Bandarlampung (Netizenku.com): Kegiatan rutin diskusi terbuka Satu Malam 27an bertajuk ‘Kebudayaan Lampung dalam Perspektif Senator’ kembali digelar dan membahas budaya Lampung yang terancam punah.
Keluarga Alumni UKMBS Unila (KAULA), berikut segenap pemerhati kebudayaan di Lampung kembali berkumpul di Graha Kemahasiswaan Universitas Lampung dalam rangkaian acara tersebut dan turut mendatangkan seorang Senator, Bustami Zainudin (Anggota DPD RI Provinsi Lampung) yang ditunjuk sebagai pembicara. Disejajarkan pula dengan Ari Pahala Hutabarat (seniman & budayawan), dan Neri Juliawan (Pemerhati budaya & Aktivis Kaula) sebagai teman bicara.
Rangkaian kegiatan tersebut turut mengundang sejumlah instansi dan komunitas dari Dinas Pendidikan dan Kebudayaan, Dewan Kesenian Lampung (DKL), Taman Budaya Lampung, beserta komunitas aktivis seniman seperti Klasika, SIKAM, PMMPI, dan Gardancestory.
Ketiga pembicara berdialog bersama dengan para peserta, sekaligus bertujuan membuka mata terkait persoalan yang ada dalam ruang lingkup Kebudayaan Lampung.
Selama kurang lebih 2 jam, diskusi tersebut juga diselingi dengan sesi sanggahan dan tanya jawab dari para peserta yang terlibat di dalamnya.
Sebagai prolog, Ari Pahala Hutabarat (APH) memaparkan bahwa makna dari kebudayaan merupakan hasil respon manusia terhadap dirinya sendiri, manusia lain, lingkungan, hingga Tuhan.
Menurutnya, kebudayaan tersebut memiliki nilai pada hasil cipta, rasa, dan karsa dari manusia, sehingga kemudian menjadi landasan utama bagi identitas bangsa dan negara.
“Saya sudah sering bicara soal kebudayaan di sini.
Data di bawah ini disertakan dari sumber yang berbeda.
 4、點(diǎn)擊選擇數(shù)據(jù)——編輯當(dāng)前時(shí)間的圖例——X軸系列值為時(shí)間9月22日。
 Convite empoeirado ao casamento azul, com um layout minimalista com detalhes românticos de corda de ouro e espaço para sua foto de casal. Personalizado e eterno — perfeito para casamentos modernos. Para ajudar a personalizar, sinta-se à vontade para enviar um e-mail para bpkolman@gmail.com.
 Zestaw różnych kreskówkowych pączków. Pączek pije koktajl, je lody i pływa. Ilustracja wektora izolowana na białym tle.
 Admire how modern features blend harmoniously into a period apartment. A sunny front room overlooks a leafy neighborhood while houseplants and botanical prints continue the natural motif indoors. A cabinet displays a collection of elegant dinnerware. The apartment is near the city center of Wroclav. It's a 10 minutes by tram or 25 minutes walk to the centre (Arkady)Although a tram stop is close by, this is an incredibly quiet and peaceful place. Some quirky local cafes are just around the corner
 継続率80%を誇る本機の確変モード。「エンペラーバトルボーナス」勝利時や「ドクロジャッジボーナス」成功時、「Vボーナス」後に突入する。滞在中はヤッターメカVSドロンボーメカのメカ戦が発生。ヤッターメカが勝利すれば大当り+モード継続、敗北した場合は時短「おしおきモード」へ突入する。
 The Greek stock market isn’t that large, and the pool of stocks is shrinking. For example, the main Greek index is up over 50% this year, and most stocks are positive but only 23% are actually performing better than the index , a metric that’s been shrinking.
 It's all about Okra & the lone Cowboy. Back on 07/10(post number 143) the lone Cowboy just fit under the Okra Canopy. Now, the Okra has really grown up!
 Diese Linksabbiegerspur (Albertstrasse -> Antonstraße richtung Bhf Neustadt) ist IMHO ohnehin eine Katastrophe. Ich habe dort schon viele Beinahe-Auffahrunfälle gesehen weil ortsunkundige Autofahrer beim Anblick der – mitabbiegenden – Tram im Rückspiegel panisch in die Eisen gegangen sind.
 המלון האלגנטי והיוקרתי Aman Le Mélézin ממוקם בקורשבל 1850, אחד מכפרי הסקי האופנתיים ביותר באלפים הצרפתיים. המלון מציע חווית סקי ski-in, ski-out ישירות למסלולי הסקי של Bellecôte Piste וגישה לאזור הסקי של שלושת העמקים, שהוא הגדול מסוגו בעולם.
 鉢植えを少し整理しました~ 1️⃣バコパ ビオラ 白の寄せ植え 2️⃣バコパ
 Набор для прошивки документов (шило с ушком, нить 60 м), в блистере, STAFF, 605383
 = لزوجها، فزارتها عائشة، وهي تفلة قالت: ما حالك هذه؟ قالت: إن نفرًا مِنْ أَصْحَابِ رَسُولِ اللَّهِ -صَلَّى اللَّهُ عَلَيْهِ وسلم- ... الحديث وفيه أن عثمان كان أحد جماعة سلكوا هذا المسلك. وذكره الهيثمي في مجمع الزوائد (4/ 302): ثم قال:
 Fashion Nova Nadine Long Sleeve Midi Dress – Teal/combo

Tapi sekali lagi saya paparkan bahwa kebudayaan itu adalah hasil respon manusia terhadap dirinya sendiri, manusia lain, lingkungan, hingga tuhan. Kebudayaan merupakan semua hasil cipta, rasa, dan karsa manusia. Nilai itulah yang kemudian menjadi landasan utama dalam tatanan kehidupan berbangsa dan bernegara. Kebudayaan merupakan identitas bangsa,” ujar APH, Seniman dan Budayawan, Kamis (27/7).
APH mengutip pemikiran bapak proklamator tercinta tentang Trisakti, “Sebuah bangsa yang merdeka dan berdaulat perlu dan mutlak memiliki tiga hal: berdaulat secara politik, berdikari secara ekonomi, dan berkepribadian secara kebudayaan.”
APH kemudian mengajak peserta untuk bersama-sama melihat kondisi krisis identitas kebudayaan Lampung saat ini, yang telah tergempur secara habis-habisan oleh kebudayaan luar yang bahkan mampu mendominasi.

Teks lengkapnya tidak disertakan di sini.